▸ EXERCISE INSTRUCTIONS
Take the lines in the listing below from the line with "着衣の状態で水に入ると、衣類" up to and including the line with "海峡论坛组委会致信感谢九游平台(中国)学生为第四届海峡论坛成功举办作出贡献" and set them down exactly, skipping pictures and adding nothing.

▸ ENTRIES PROVIDED
• • • •

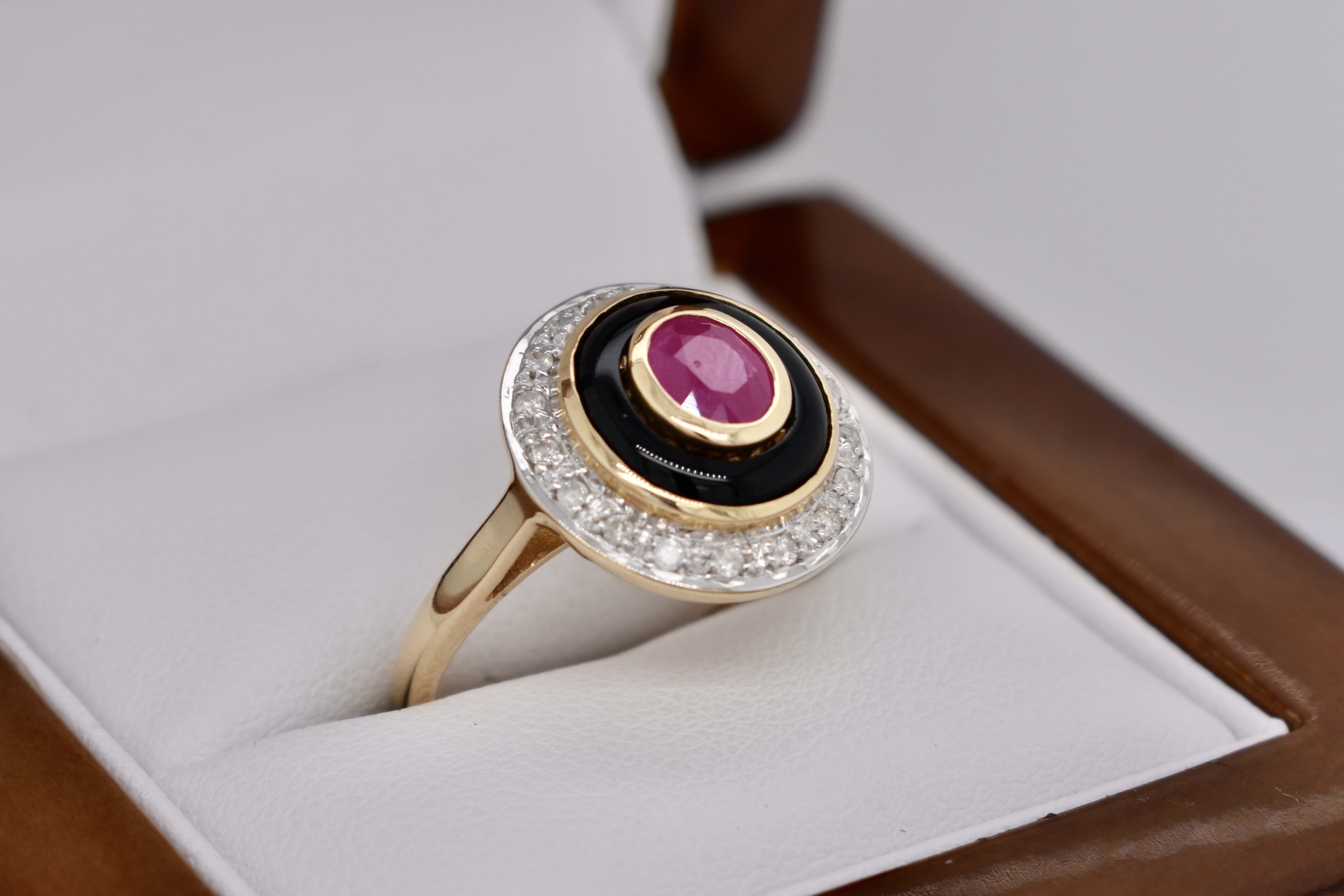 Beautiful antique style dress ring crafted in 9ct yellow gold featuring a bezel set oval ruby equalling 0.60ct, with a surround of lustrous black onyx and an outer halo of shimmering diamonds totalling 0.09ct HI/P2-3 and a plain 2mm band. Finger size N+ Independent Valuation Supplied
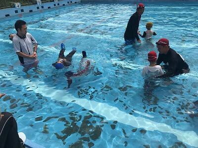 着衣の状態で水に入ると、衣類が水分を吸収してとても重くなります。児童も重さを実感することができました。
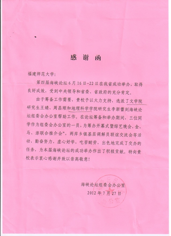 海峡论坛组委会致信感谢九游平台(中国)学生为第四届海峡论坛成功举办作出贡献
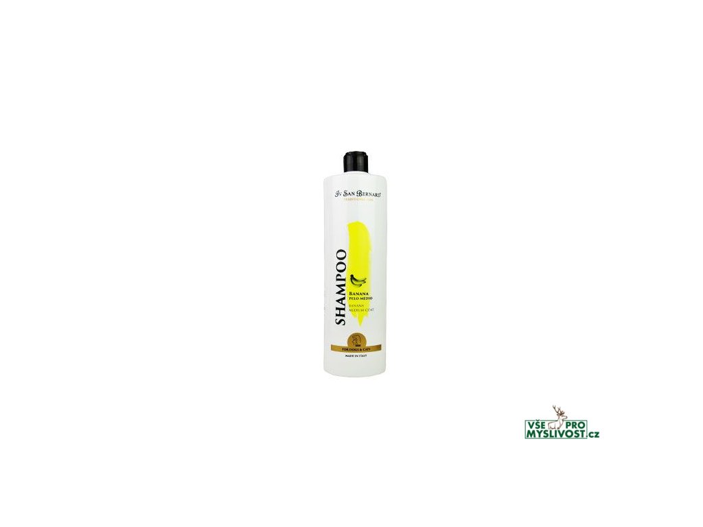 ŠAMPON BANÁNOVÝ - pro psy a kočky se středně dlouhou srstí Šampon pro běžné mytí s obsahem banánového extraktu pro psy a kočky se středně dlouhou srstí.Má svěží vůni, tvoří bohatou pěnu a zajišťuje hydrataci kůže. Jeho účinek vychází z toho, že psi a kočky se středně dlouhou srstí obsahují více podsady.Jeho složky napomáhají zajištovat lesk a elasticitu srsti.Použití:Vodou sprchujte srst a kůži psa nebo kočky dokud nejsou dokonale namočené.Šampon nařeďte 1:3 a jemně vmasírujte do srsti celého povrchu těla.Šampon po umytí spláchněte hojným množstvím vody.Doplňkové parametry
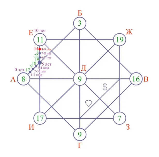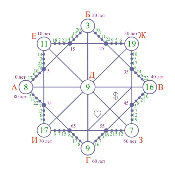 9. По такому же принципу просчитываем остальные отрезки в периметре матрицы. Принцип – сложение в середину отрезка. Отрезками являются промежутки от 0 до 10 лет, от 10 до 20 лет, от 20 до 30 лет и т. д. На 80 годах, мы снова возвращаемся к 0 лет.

• • • •

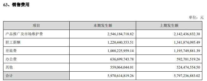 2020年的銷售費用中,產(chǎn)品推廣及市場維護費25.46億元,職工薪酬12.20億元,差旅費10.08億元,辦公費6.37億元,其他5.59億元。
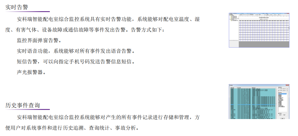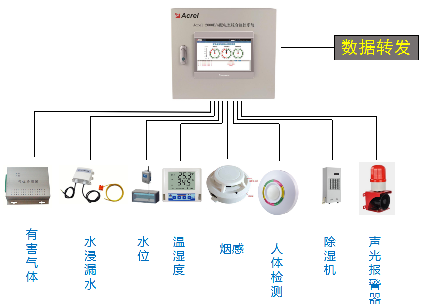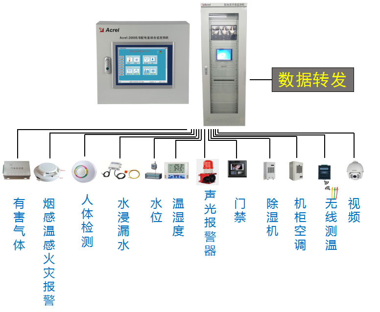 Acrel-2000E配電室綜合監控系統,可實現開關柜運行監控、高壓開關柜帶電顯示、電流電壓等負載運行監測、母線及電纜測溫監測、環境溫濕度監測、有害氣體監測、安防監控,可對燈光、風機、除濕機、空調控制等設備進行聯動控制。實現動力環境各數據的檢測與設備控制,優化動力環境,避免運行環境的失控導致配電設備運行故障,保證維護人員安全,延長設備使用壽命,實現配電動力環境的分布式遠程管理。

• • • •

▸ RESPONSE
 着衣の状態で水に入ると、衣類が水分を吸収してとても重くなります。児童も重さを実感することができました。
 海峡论坛组委会致信感谢九游平台(中国)学生为第四届海峡论坛成功举办作出贡献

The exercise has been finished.